Да с какой злостью! Никогда она так со мной не говорила. И вдруг схватила меня за руку, притянула к себе, обняла крепко-крепко. «Нет, Иришенька, не уходи, посиди со мной! Хорошо, что ты пришла.— И, помолчав: — Это ничего на меняет, но это хорошо...» — «Соня, что с тобой? — говорю я. — Ты сегодня не такая, как всегда. И смотришь, и говоришь не так...» — «Это от горя»,— усмехнулась она.

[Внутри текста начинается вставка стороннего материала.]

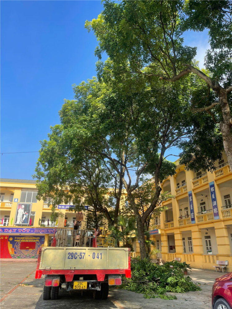 Ngày 28/8/2024, Trường THCS Cự Khối thực hiện cắt tỉa cây xanh đảm bảo an toàn trong mùa mưa bão. Để chuẩn bị cho năm học mới 2024-2025, Ban giám hiệu nhà trường đã rà soát khuôn viên nhà trường nhằm đảm bảo an toàn trường học. Việc rà soát, cắt tỉa hệ thống cây xanh trong khuôn viên nhà trường là cần thiết. Một ngôi trường với không gian xanh, sạch, đẹp tạo điều kiện thuận lợi cho việc dạy học đồng thời giáo dục tinh thần yêu thiên nhiên, ý thức bảo vệ môi trường. Bên cạnh đó cũng cần phải đảm bảo an toàn trường học trong mùa mưa bão. Ngày 28/8/2024, nhà trường đã chủ động phối hợp với đơn vị quản lý cây xanh đô thị, tiến hành cắt tỉa hệ thống cây xanh trong khuôn viên nhà trường để tránh các tai nạn thương tích.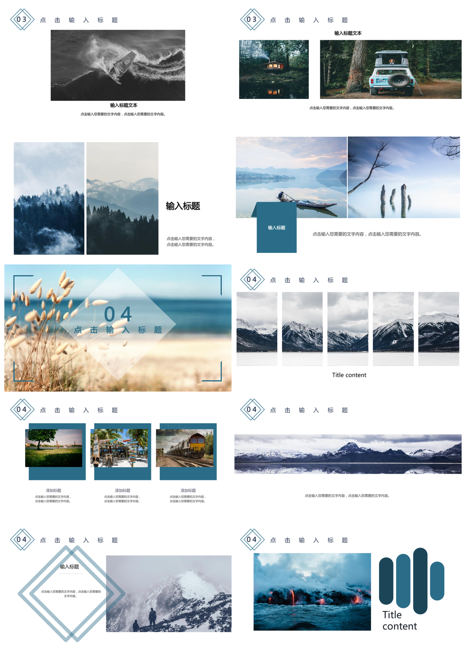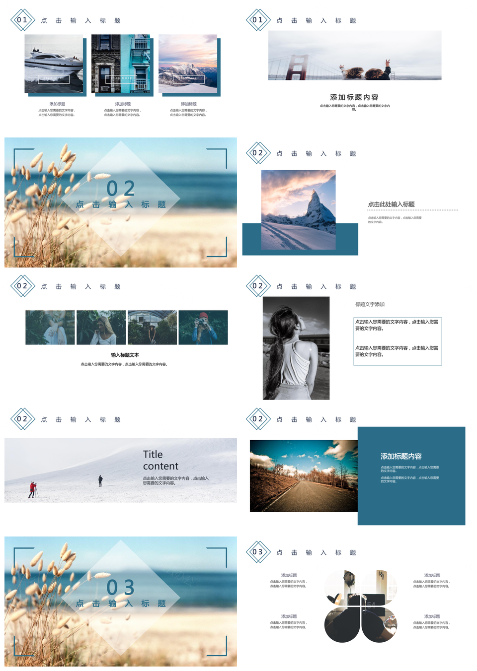 蓝色风景照杂志风旅行日志旅游画册相册PPT模板

«От горя не смеются, а плачут»,— резонно заметила я. А Соня посмотрела на меня так серьезно — да вдруг и в самом деле как расплачется. Горько-горько.
«Соня, ну что с тобой, скажи, наконец! Тебя тот дядька обидел?» — «Ты видела его?» — вскинулась она. «Видела. Он гадкий».— «Да, ты права, он нехороший. А ты знаешь, я люблю его...» — «Как же это? Знаешь, что нехороший, и любишь. Так не бывает».— «Я тоже так думала. А вот, оказывается, бывает».— «Ты давно с ним знакома?» — «Да, еще с Кременчуга. Увидела, когда у нас в гимназии был выпускной вечер. Подошел, пригласил потанцевать. Потом пошел провожать. Когда прощались, сказал, что я самая лучшая, самая красивая, и...» — «Поцеловал?» — подсказываю.— «Да, Иришенька».— «А дальше что?» — «Просился прийти. А я растерялась: «Тесно... отчим...» Он и ушел. Но я была уверена — придет. Ходила, как во сне. На улице каждого высокого за него принимала. Холодела вся... Ехала к вам в Киев, как в тюрьму. Хоть и дома несладко жилось. Отчим поначалу такой хороший был, а потом оказалось... да что говорить, мала ты еще. Мать тоже... постаралась скорее меня сплавить. А уезжать еще хуже, боялась — больше не увижу Матвея. Всю дорогу проплакала. А здесь с Федором познакомилась. С Цыганчуком. Уже привыкать стала, жалела, когда уезжал, ты же видела. А потом встретила на улице...» — «Того, Матвея?» — «Да, представляешь? Ведь больше года прошло...» — «И он начал приходить к тебе?» — «Да. Потом я поняла, что он петлюровец, значит, враг Федора. И вообще... Я ведь столько хорошего узнала от Феди о революции, о красных... Поверила, будто повязку с глаз сняли. Хотела с ним на фронт ехать, сестрой милосердия, так просила, будто чувствовала... Взял бы — все было бы по-другому... Нет, неправда, все равно люблю этого. И жить без него не могу, понимаешь, не могу...»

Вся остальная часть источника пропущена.